Caverly leaned forward to interrupt, gesturing toward the defense attorneys: “Has anybody said that they are going to introduce an insanity defense?”

“Well,” Crowe answered, “what is the purpose of putting an expert on the stand?”

“They have a right to, in my opinion.”

“Aren’t they going into his mental condition?”

“Well, suppose they do?”

The court had not yet heard the psychiatric testimony, Caverly explained. Were the psychiatrists on the stand to show that Leopold and Loeb were insane? The court had not yet heard a single word of White’s testimony, and until he heard the testimony, he could not determine what it would be. “The defense hasn’t said they are going to put on alienists to show that these men are insane, and I don’t think that they are going to attempt to show that they are insane.”

“Well then what is the evidence for, what are they going to show?”

“You will have to listen to it.”

Crowe remained obdurate. He intended to push his point as far as it would go. He repeated his contention: only a jury could hear testimony regarding mental illness.

“Will you cite one authority?” Caverly asked.

“I have cited, Your Honor, and I believe they are in point.”

“The Geary case?”

“The Geary case and the statute itself, your Honor.”

“If you are relying on the Geary case you might as well end the argument. The Court will overrule you….”

“Your Honor misses the real point. You have not the power to determine whether the evidence that has been introduced constitutes insanity or not. Just as soon as evidence of a mental condition is brought in the case, that is a question, as the Courts have stated, peculiarly for a Jury.”

“They never said it.”

“We just read it to you,” Crowe replied, exasperated that Caverly could be so obtuse.
39

Caverly shrugged. He was not convinced, he answered. Clarence Darrow was not introducing psychiatric testimony in order to show that the defendants could not distinguish right from wrong and were thus insane; he was presenting the testimony to demonstrate that Leopold and Loeb suffered from a medical condition. The defense asked for mitigation on account of that medical condition.
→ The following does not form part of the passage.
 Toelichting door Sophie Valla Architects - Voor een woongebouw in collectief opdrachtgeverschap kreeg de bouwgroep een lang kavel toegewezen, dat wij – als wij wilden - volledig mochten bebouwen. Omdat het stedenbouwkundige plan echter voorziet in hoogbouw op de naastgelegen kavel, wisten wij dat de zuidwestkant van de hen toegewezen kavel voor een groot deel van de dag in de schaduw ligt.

And, in any case, Caverly asked, suppose he were to exclude the psychiatric testimony. Would the defense not then have grounds for appeal? The statutes mandated a judge to hear evidence from both sides, one in aggravation of the punishment, the other in mitigation.

Caverly indicated to the clerk of the court to pass him a copy of the Illinois statutes and began thumbing through the pages. He started reading from the criminal code.
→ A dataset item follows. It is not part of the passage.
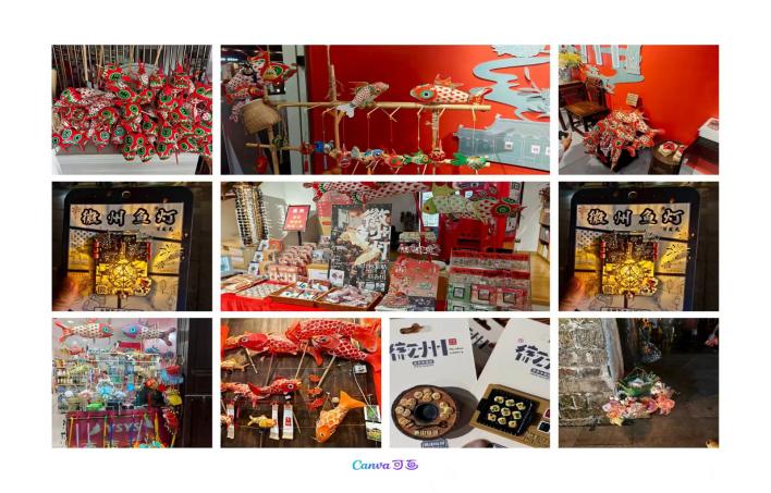 在采访过程中,团队成员还了解到,近年来,随着乡村振兴战略的实施,歙县的非遗鱼灯文化得到了更多的关注和支持。当地政府通过举办鱼灯节、开展非遗传承培训等方式,不仅让鱼灯这一古老的艺术形式得以传承和发展,还吸引了大量游客前来观赏,为乡村经济发展注入了新的动力。同时,以鱼灯为原型各类文创也是琳琅满目,既深受游客们的喜爱,也便利了鱼灯的传播,更提高了当地民众的收入,成为了徽州鱼灯传承的新载体。一些村民也通过制作和销售鱼灯手工艺品,增加了收入,改善了生活。

“‘It shall be the duty of the Court to examine witnesses as to the aggravation or mitigation of the offense.’” Caverly paused in his reading; he looked up from the book to address the state’s attorney. “Now, then, under that wording of the statute…the Court permitted eighty witnesses to testify to every detail to show an aggravated murder; and after the State is through the defense come in and…they wish to put on certain evidence to show a mitigation of the crime. Now then, supposing I were to say no, and then should impose the extreme penalty. Would not the Supreme Court say that if the Court had listened to mitigating circumstances then he would not have imposed the death penalty?…Would not the Supreme Court say that I should have listened to what the defendants had to say rather than have made an arbitrary ruling and sentenced them to whatever it might be?”
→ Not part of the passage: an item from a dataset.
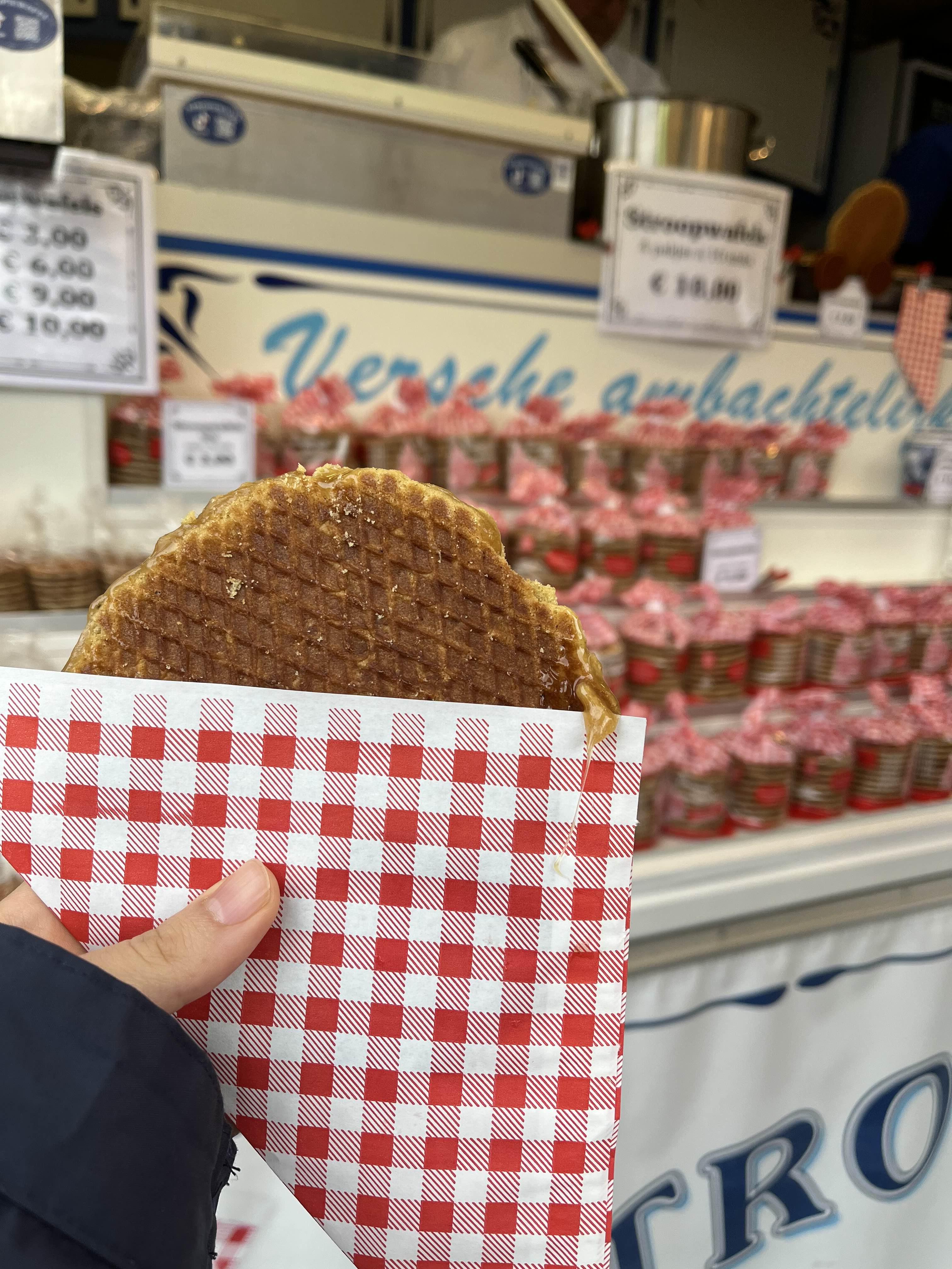 네덜란드에 왔으면 당연히 먹어줘야 하는 스트룹와플!!!!! 마켓에서는 갓 만든 따끈한 와플을 먹을 수 있다. 마트에서 파는 거랑 다르게 크기도 좀 크고 따끈따끈해서 엄청 맛있다. 포장된 것도 친구들 주려고 몇 개 사 왔는데 너무 맛있더라.

Crowe had been hoist with his own petard. He had insisted on presenting testimony from eighty witnesses to persuade the judge to send the defendants to the gallows. How could he deny the defense the right to produce evidence that might reduce the punishment?

B
UT
, C
ROWE ASKED, WHAT SORT
of evidence did the defense intend to produce? The defendants, according to Darrow, were not insane, and there was no evidence that they were insane. But Darrow’s claim that they were mentally ill could be based only on the fact and the character of the crime. The nature of the crime, the boys’ callous disregard for Bobby’s life, the mutilation of the body, the random choice of the victim—all led the defense to argue backward from the crime to infer mental disease.